Life was very different then, and I think a lot more was expected of children, and far more responsibility given to them early on. I well remember Dad’s story of how at the age of 8 he took a horse, by himself, 5 miles to be shod by the local blacksmith. Horses were very much part of country life then, and Dad learnt to make harness and tack from his Father and his Great Uncle John, something he enjoyed doing all his life; amongst other jobs he made harness with his father for Haile Selassie (emperor of Ethiopia and messiah of the Rastafarians), and of course in later years harness for children’s rocking horses.

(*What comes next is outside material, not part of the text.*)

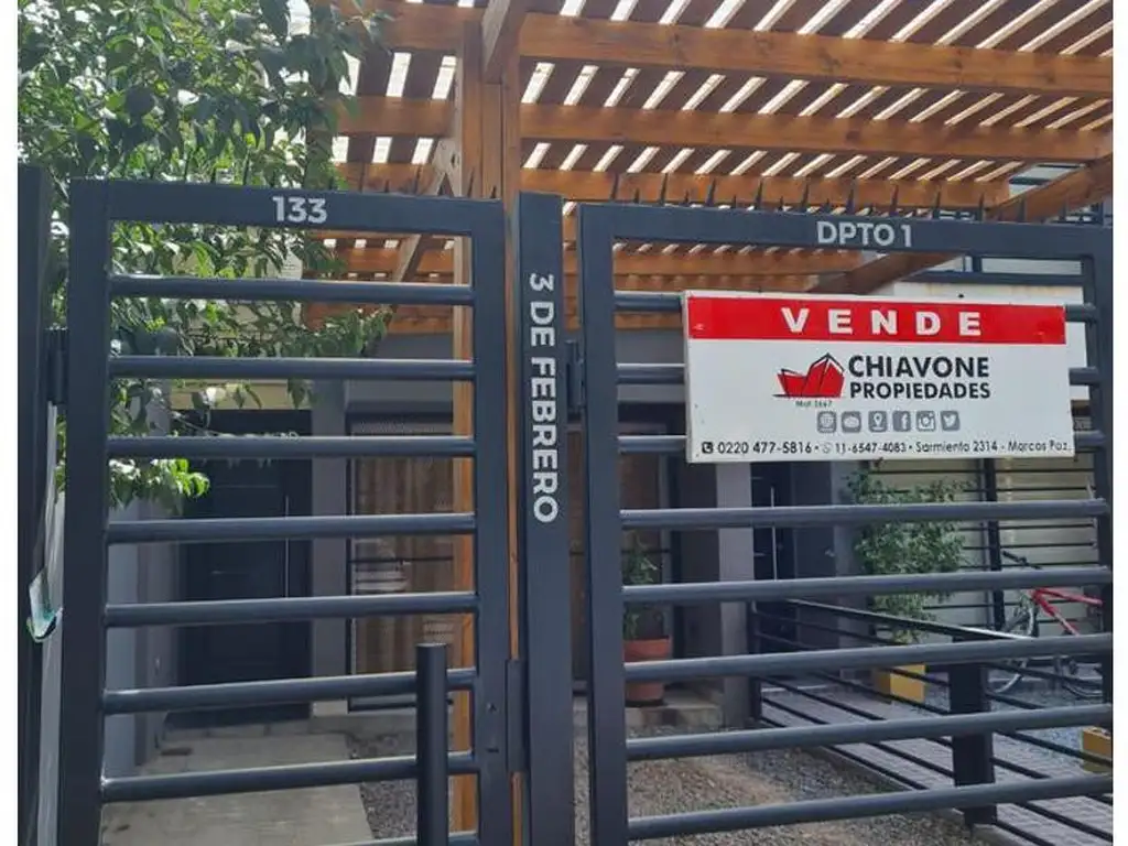 Posee, en planta baja living-comedor y cocina con desayunador de melamina, mueble bajo mesada y alacena, termotanque, toilette, entrada para vehículo y patio interno. En plata alta 2 dormitorios, baño completo y pequeño balcón al frente.
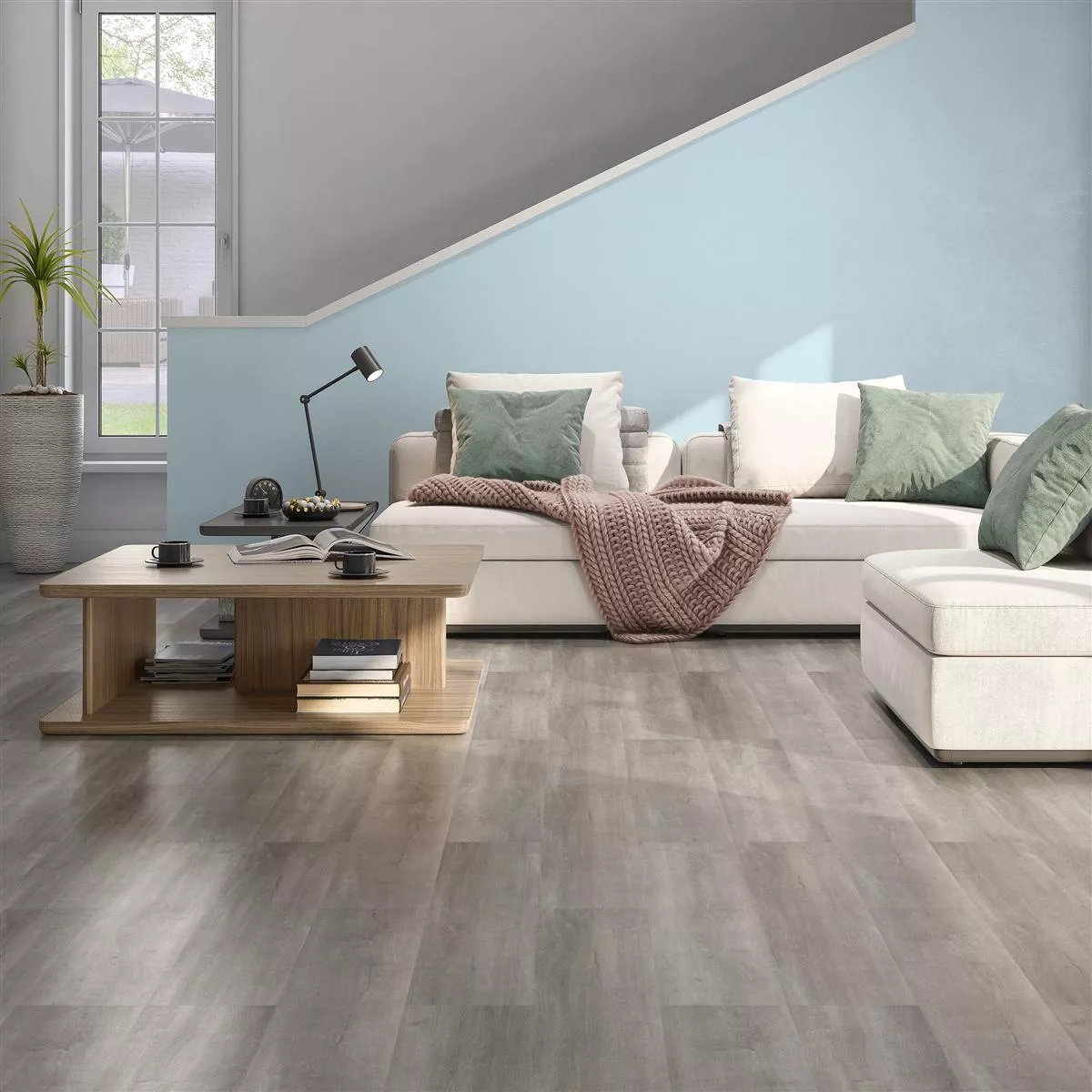 The Greywood vinyl floor in grey and light grey brings the natural elegance of a wood look into your rooms, combined with the practical functionality of vinyl. With a thickness of 5 mm and a rectangular format of 17.2 cm wide and 121 cm long, this floor covering not only offers an attractive appearance, but also high comfort and durability.

Horses were also involved in one of Dad’s early crimes, when at the age of 14 he ‘borrowed’ his Father’s sulky while he was away in order to take a local lass for a spin. He was discovered by his Grandfather putting the sulky away, and after being begged that his Father not be told, apparently his Grandfather told him grumpily, “Hmph: Well you’d better clean the mud off the wheels then”, and no more was said about it.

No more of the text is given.